Così succede che ci troviamo con l’acqua alla gola e il tempo per scegliere un brano di Hendrix, arrangiarlo, provarlo e perfezionarlo non c’è.
Alla fine decidiamo di fare una Hey Joe supersputtanata, basta che ci grattiamo via sta rogna. Gli accordi si buttano lì, io la canterò così come viene.
Ma mi sta sul gozzo. Anche perché ho suonato Hey Joe talmente tante di quelle volte che mi è venuta a nausea.

Arriva il giorno del nostro primo concerto. Siamo nel pub. È pieno di gente. Stiamo suonando e andiamo alla grande. Il miglior concerto inaugurale che si possa immaginare. Stiamo veramente spaccando, si divertono tutti.
Chiunque abbia mai provato a suonare nei locali sa bene quanto è difficile trovare un posto con un pubblico vero e numeroso, che ascolta e si diverte. E con un padrone che paga.

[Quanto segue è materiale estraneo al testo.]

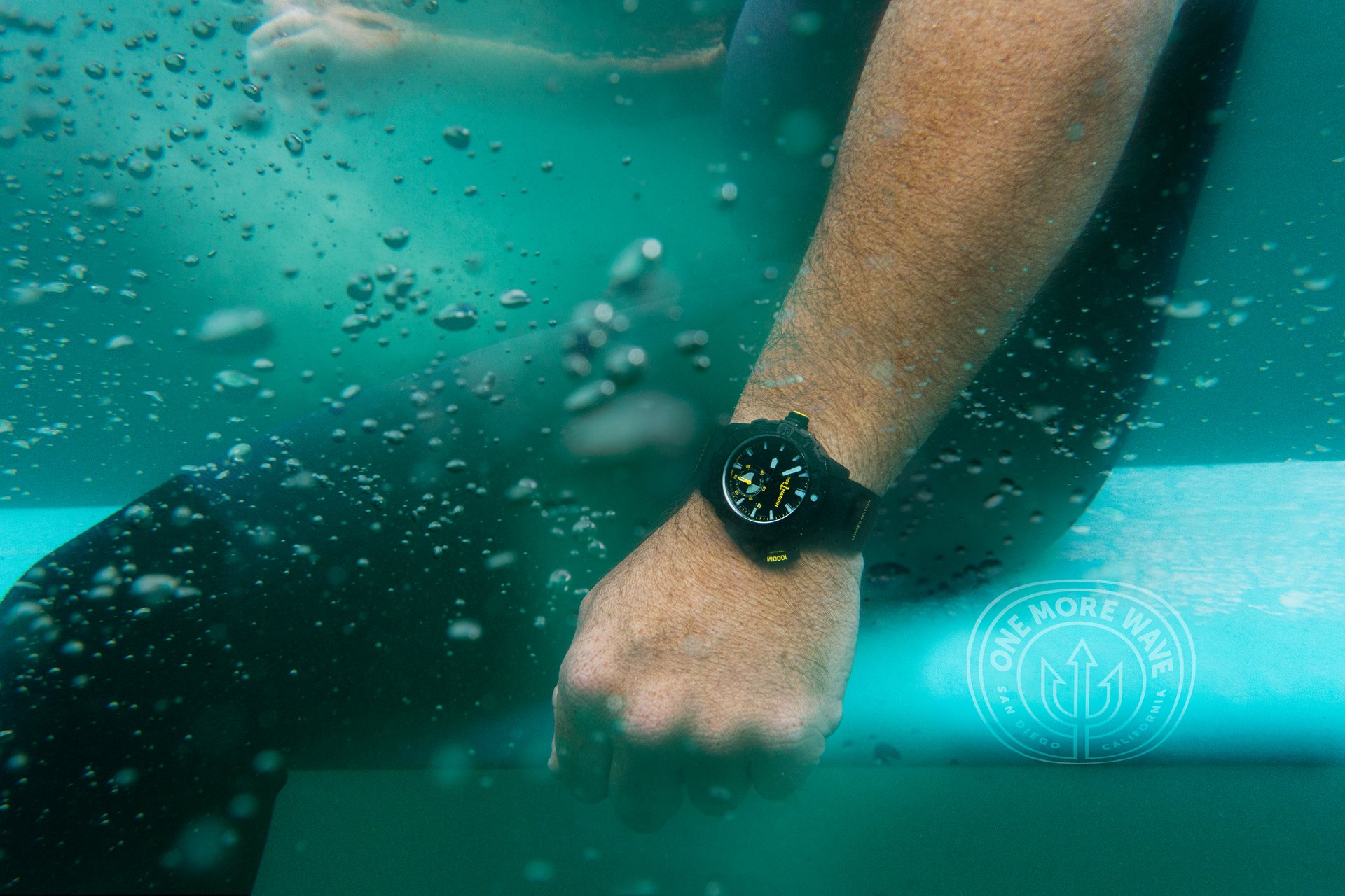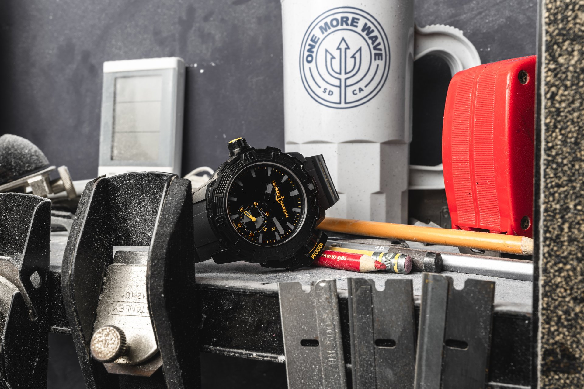 In addition to a financial contribution, Ulysse Nardin hopes to bring awareness and raise funds for the organization through the launch of the Diver Deep Dive “One More Wave.” The timepiece features a striking yellow and black design, with a black DLC titanium case and 1000m water resistance. The case-back is engraved with the “One More Wave” logo to signify the partnership. Members of OMW designed the limited edition timepiece as a watch that would stand up to the highly variable pressures experienced while surfing, while also subtly reflecting the founders’ background in amphibious warfare.

Ci siamo già sparati qualche birra. In fondo alla sala c’è una tavolata di amici completamente ubriachi. Pure noi siamo alticci, suoniamo senza risparmiarci, io lascio le tonsille sul microfono. I ragazzi seduti al tavolo sotto il palco non lesinano applausi: quando facciamo Elderly woman behind the counter in a small town dei Pearl Jam, una di loro ci chiede di suonarla ancora. Cioè vuole il bis.

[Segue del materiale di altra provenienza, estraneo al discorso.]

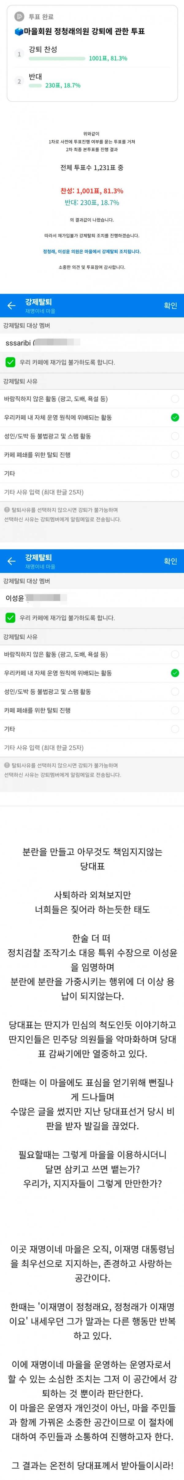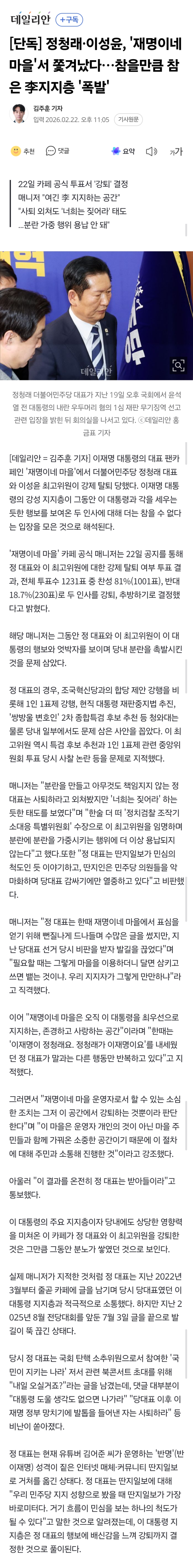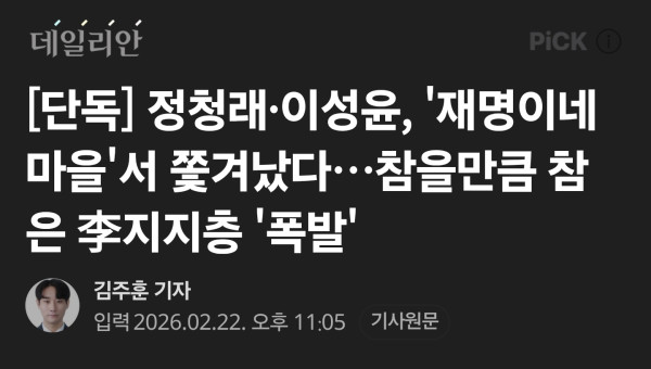 속보) 정청래 재명이네 마을에서 강퇴당함

Il bis! Nessuno mi aveva mai chiesto il bis!
È il concerto più fico che potessimo aspettarci. È veramente il posto ideale dove suonare.

Arriviamo alla fine della scaletta. Mio cugino fa:
«Ok, chiudiamo con Hey Joe
Ma io ormai sono montatissimo. O forse ho bevuto una birra di troppo.
«Ma vaffanculo Hey Joe, rifacciamo Elderly Woman
Mi guarda esterrefatto:
«Dobbiamo fare Hendrix, l’abbiamo promesso!»
«Ma chissenefrega di Hendrix, ci viene da schifo! Dai attacca con Elderly, che sti ragazzi qua ce l’hanno chiesta.»
Ancora applausi, risate e fiumi di birra.

Finita la serata. Il locale ormai è vuoto. È ora di riscuotere. E l’organizzatore ci passa accanto senza guardarci: non dice niente. All’improvviso ci rendiamo conto che abbiamo fatto il guaio. Ma che se l’è presa? Porca puttana, s’è incazzato davvero.
Si avvicina il suo collega e ci fa cenno di seguirlo alla cassa. Tira fuori i soldi e ci dice che siamo andati bene. A lui non gliene frega niente di Hendrix. Ma il suo amico, lui ci dà le spalle: lo salutiamo, non ci risponde.
Ho ancora impressa nella mente l’immagine della sua schiena, coi riccioloni che gli cascano sul giobbotto da motociclista. Ci passa accanto senza guardarci, non si volta, non ci parla.
Non abbiamo mai avuto il coraggio di tornare a chiedere di suonare lì.